Material provided START

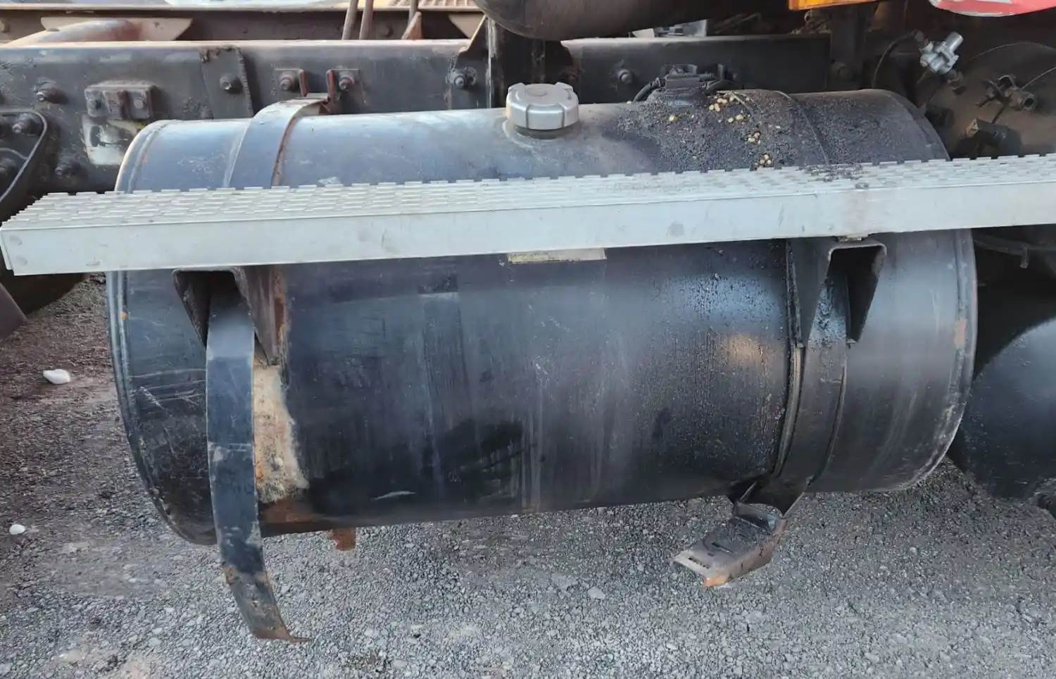 (Used) 2003 Mack CH613, FUEL TANK- Part Number: 2MB41077M2, Side: Passenger Right Side, Capacity: 90 Gallons, Material: Steel, Shape: Round, Dimensions: L=42 ½", D=25", It's Dented, Damage Reference images for condition, For more information about this item, give us a call. We ship Worldwide! (CRG HEAVY TRUCK PARTS) 929 W PULASKI HWY ELKTON, MD 21921, Capacity: 90 Gallons, Dimensions: L=42 ½", D=25", Material: Steel, Fuel Tank Shape: Round
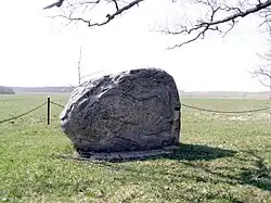 After Lithuania regained independence in 1918, Bielinis gained recognition for his book smuggling activities. The first article about him was published by Vaclovas Biržiška in Mūsų senovė.[82] His wife was awarded the Independence Medal in 1928. In 1931, Alfredas Šlikas published a booklet with Bielinis' biography.[83] In 1932, Lithuanian youth organizations (Scouts, Pavasaris, Riflemen) decorated the grave of Bielinis and built a pyramid of field stones with an ornate metal cross. The primary school in Suostas was named after Bielinis.[84] Streets in several cities and towns, including in Vilnius, Kaunas, Panevėžys, Mažeikiai, are named after Bielinis.[85] The wooden cross under which Bielinis fell and later died was discovered in 1990 by Bielinis' grandson[86] and is exhibited in the chapel of the Bistrampolis Manor. Carved in 1881, it is one of the oldest surviving wooden crosses in Lithuania.[87]
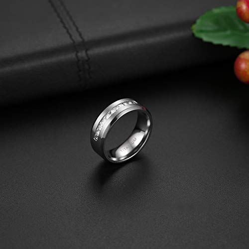 Mabohity Anello da uomo/donna in titanio con zirconi, larghezza 8 mm, anello di fidanzamento, anello dell'amicizia, matrimonio, colore argento, colore: argento, cod. MBH0100165
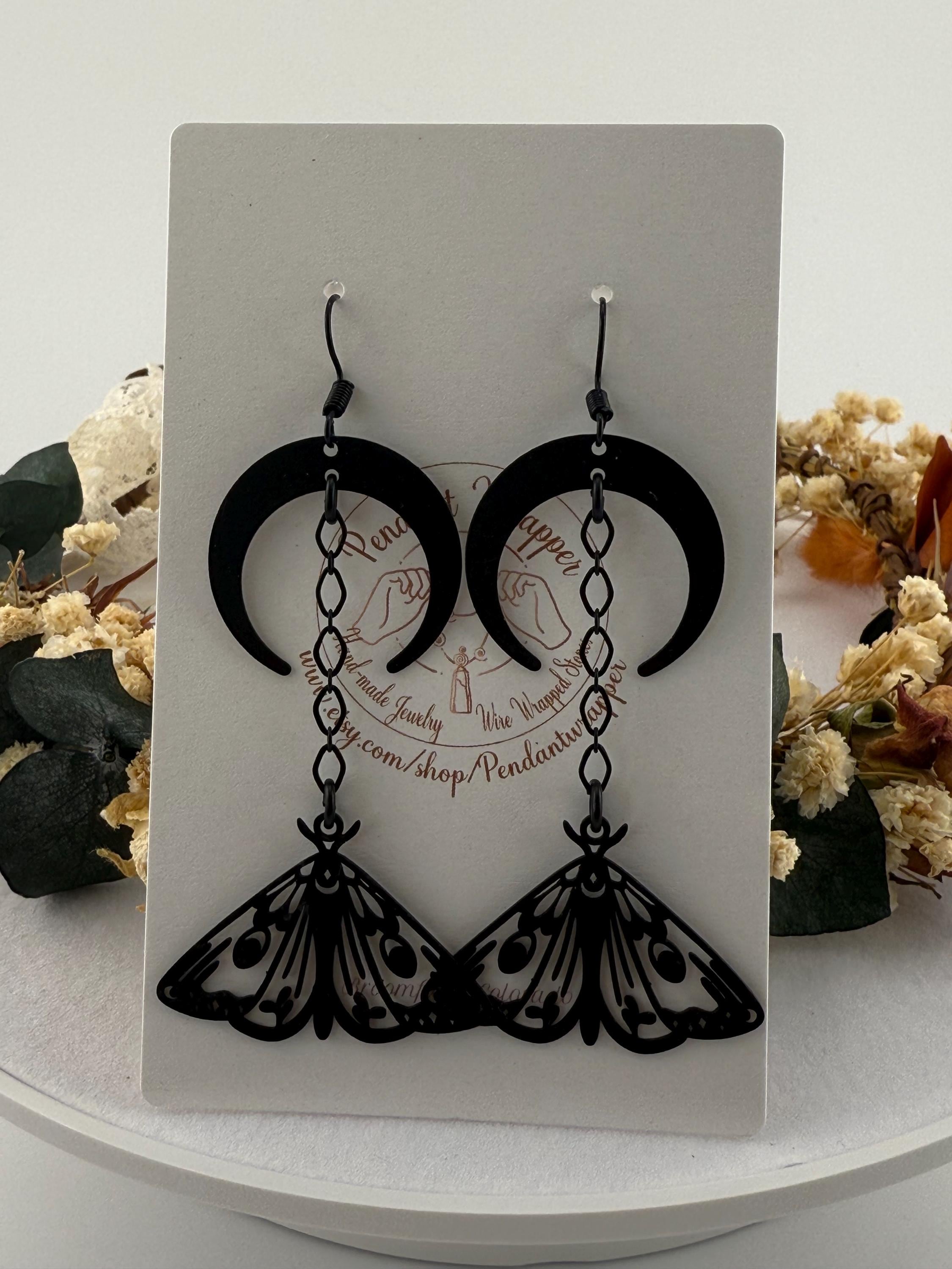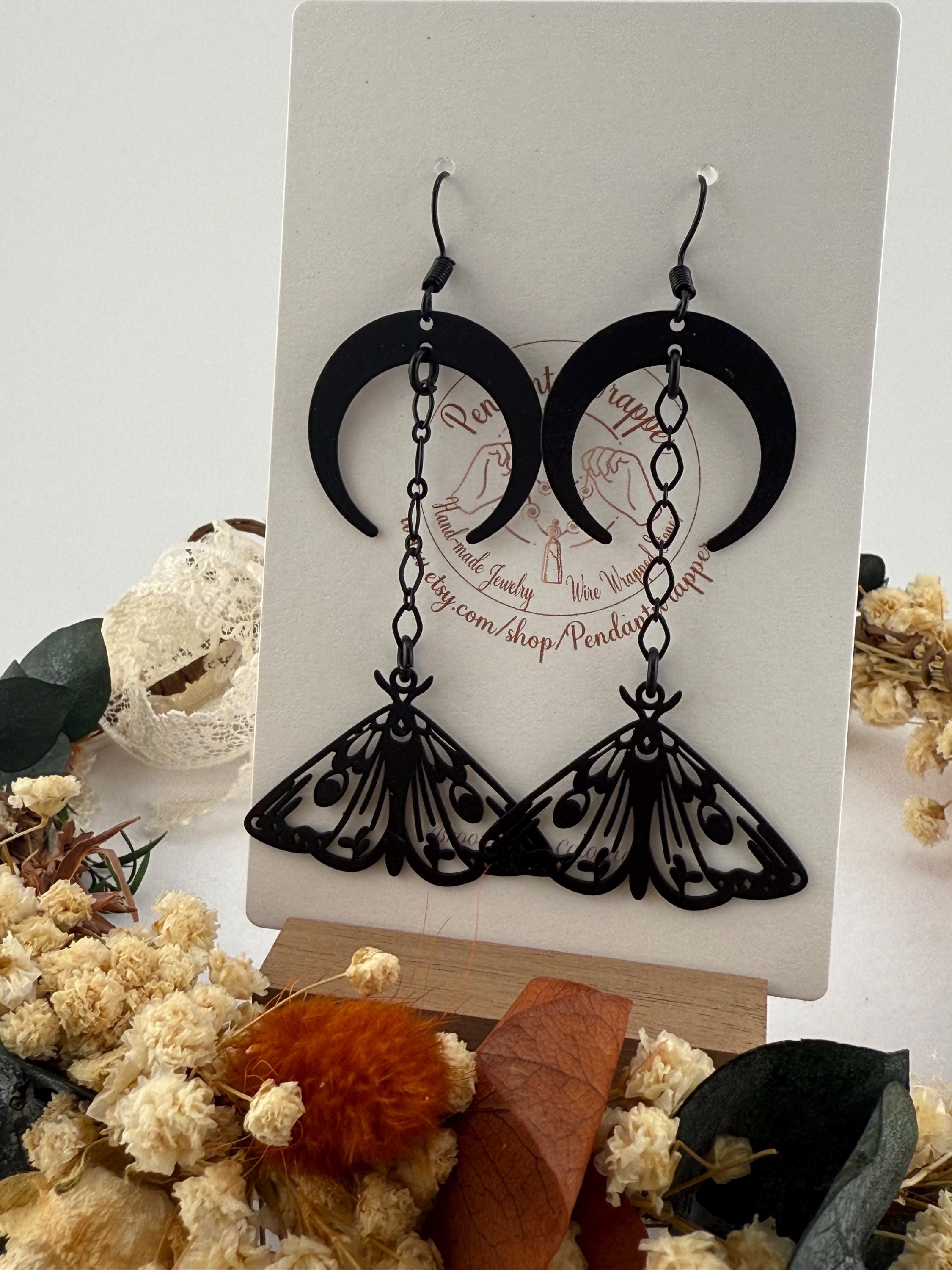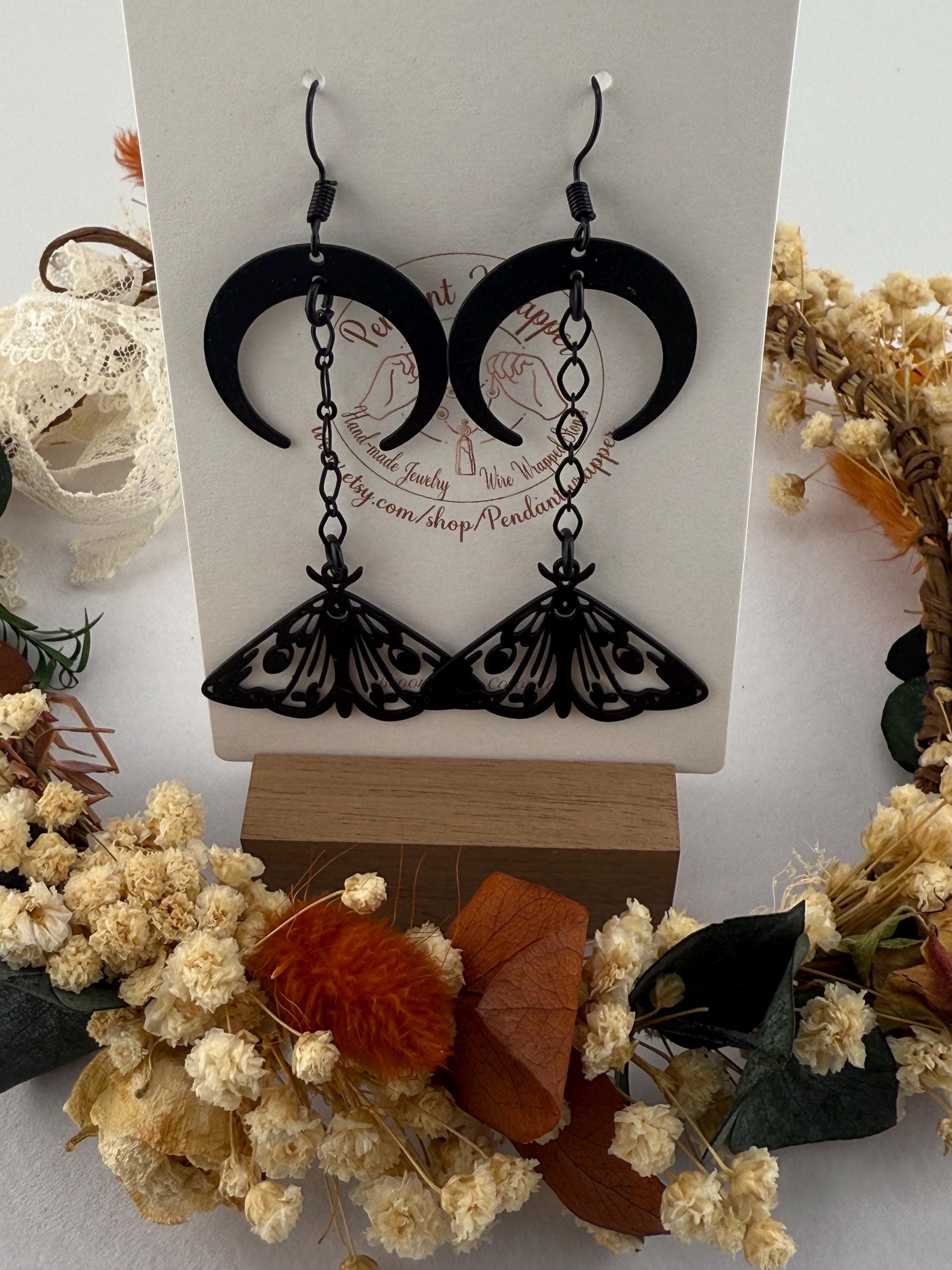 These are the absolute cutest yet also witchiest earrings I make! They include both a crescent moon and lunar moth, connected with a black chain, composed all on a black metal base. These adorable earrings dangle approximately 2.7-3.0 inches in length. These earrings do fit any season but we love them most especially in October!
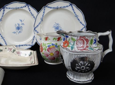 Comments: Supper dish chipped and stained, jug enamels both worn, Cambrian jug restored spout, one plate chipped
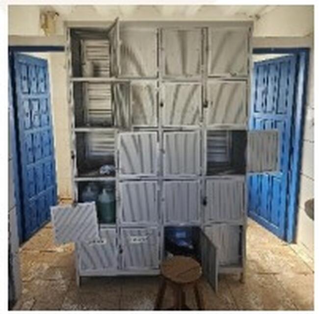 Observação: 36) Armário roupeiro metálico com 20 compartimentos do tipo guarda-volume. Estrutura em aço pintado, com portas basculantes independentes. Apresenta sinais de uso, como manchas, pontos de oxidação, portas desinstaladas e presença de cadeados em algumas unidades;
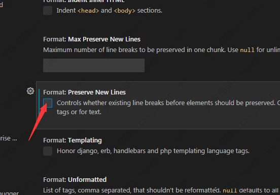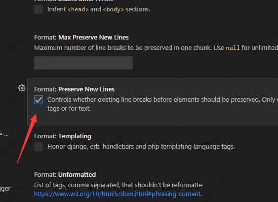 4、最后勾选上preserve new lines选项之后,会自动保存设置了。
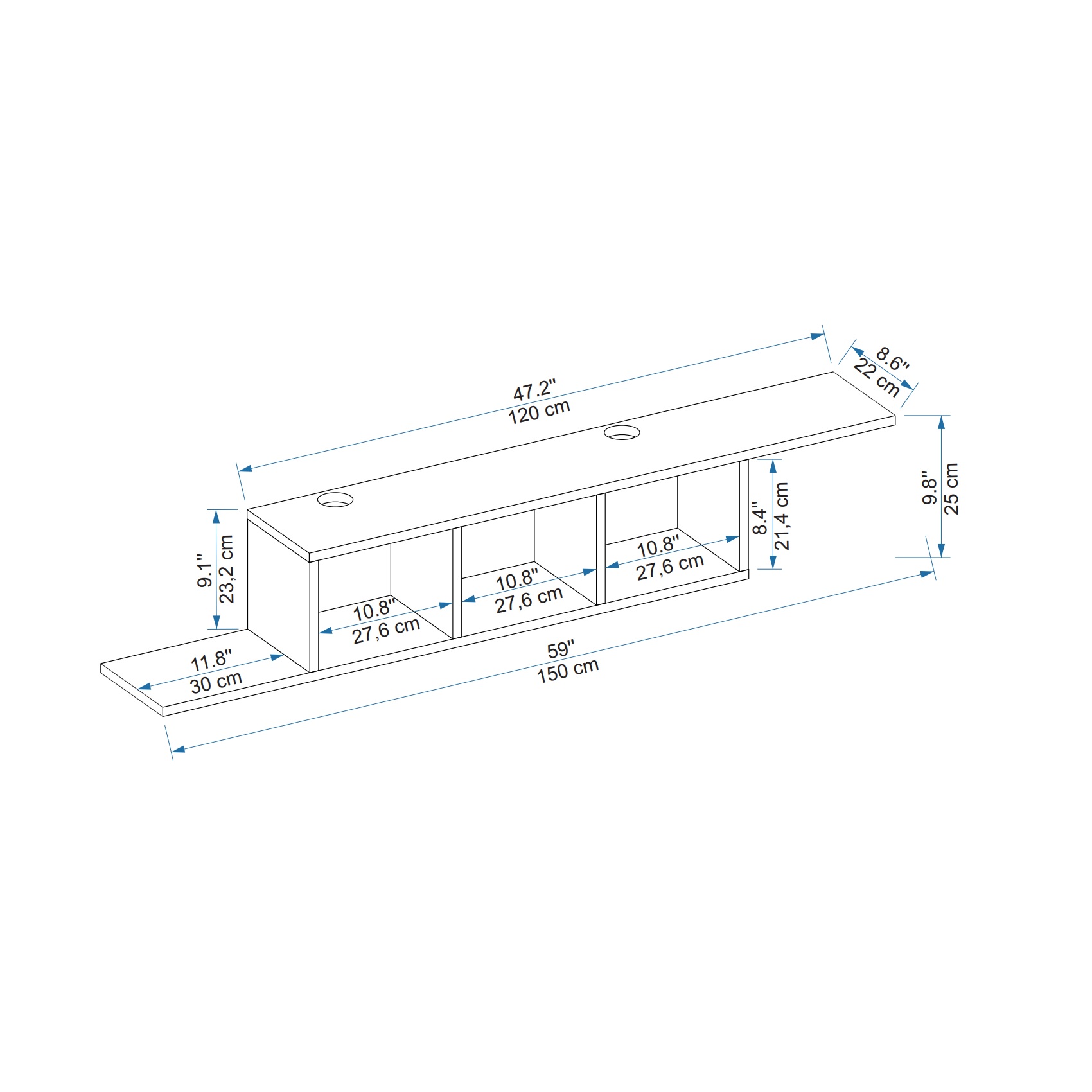 HEIGHT: 9.8" / 25 cm | WIDTH: 59" / 150 cm | DEPTH: 8.6" / 22 cm.

Material provided END

* What to produce: The pictures stay out; everything else in the records above must be repeated exactly.

* Result for this exercise:
 (Used) 2003 Mack CH613, FUEL TANK- Part Number: 2MB41077M2, Side: Passenger Right Side, Capacity: 90 Gallons, Material: Steel, Shape: Round, Dimensions: L=42 ½", D=25", It's Dented, Damage Reference images for condition, For more information about this item, give us a call. We ship Worldwide! (CRG HEAVY TRUCK PARTS) 929 W PULASKI HWY ELKTON, MD 21921, Capacity: 90 Gallons, Dimensions: L=42 ½", D=25", Material: Steel, Fuel Tank Shape: Round
 After Lithuania regained independence in 1918, Bielinis gained recognition for his book smuggling activities. The first article about him was published by Vaclovas Biržiška in Mūsų senovė.[82] His wife was awarded the Independence Medal in 1928. In 1931, Alfredas Šlikas published a booklet with Bielinis' biography.[83] In 1932, Lithuanian youth organizations (Scouts, Pavasaris, Riflemen) decorated the grave of Bielinis and built a pyramid of field stones with an ornate metal cross. The primary school in Suostas was named after Bielinis.[84] Streets in several cities and towns, including in Vilnius, Kaunas, Panevėžys, Mažeikiai, are named after Bielinis.[85] The wooden cross under which Bielinis fell and later died was discovered in 1990 by Bielinis' grandson[86] and is exhibited in the chapel of the Bistrampolis Manor. Carved in 1881, it is one of the oldest surviving wooden crosses in Lithuania.[87]
 Mabohity Anello da uomo/donna in titanio con zirconi, larghezza 8 mm, anello di fidanzamento, anello dell'amicizia, matrimonio, colore argento, colore: argento, cod. MBH0100165
 These are the absolute cutest yet also witchiest earrings I make! They include both a crescent moon and lunar moth, connected with a black chain, composed all on a black metal base. These adorable earrings dangle approximately 2.7-3.0 inches in length. These earrings do fit any season but we love them most especially in October!
 Comments: Supper dish chipped and stained, jug enamels both worn, Cambrian jug restored spout, one plate chipped
 Observação: 36) Armário roupeiro metálico com 20 compartimentos do tipo guarda-volume. Estrutura em aço pintado, com portas basculantes independentes. Apresenta sinais de uso, como manchas, pontos de oxidação, portas desinstaladas e presença de cadeados em algumas unidades;
 4、最后勾选上preserve new lines选项之后,会自动保存设置了。
 HEIGHT: 9.8" / 25 cm | WIDTH: 59" / 150 cm | DEPTH: 8.6" / 22 cm.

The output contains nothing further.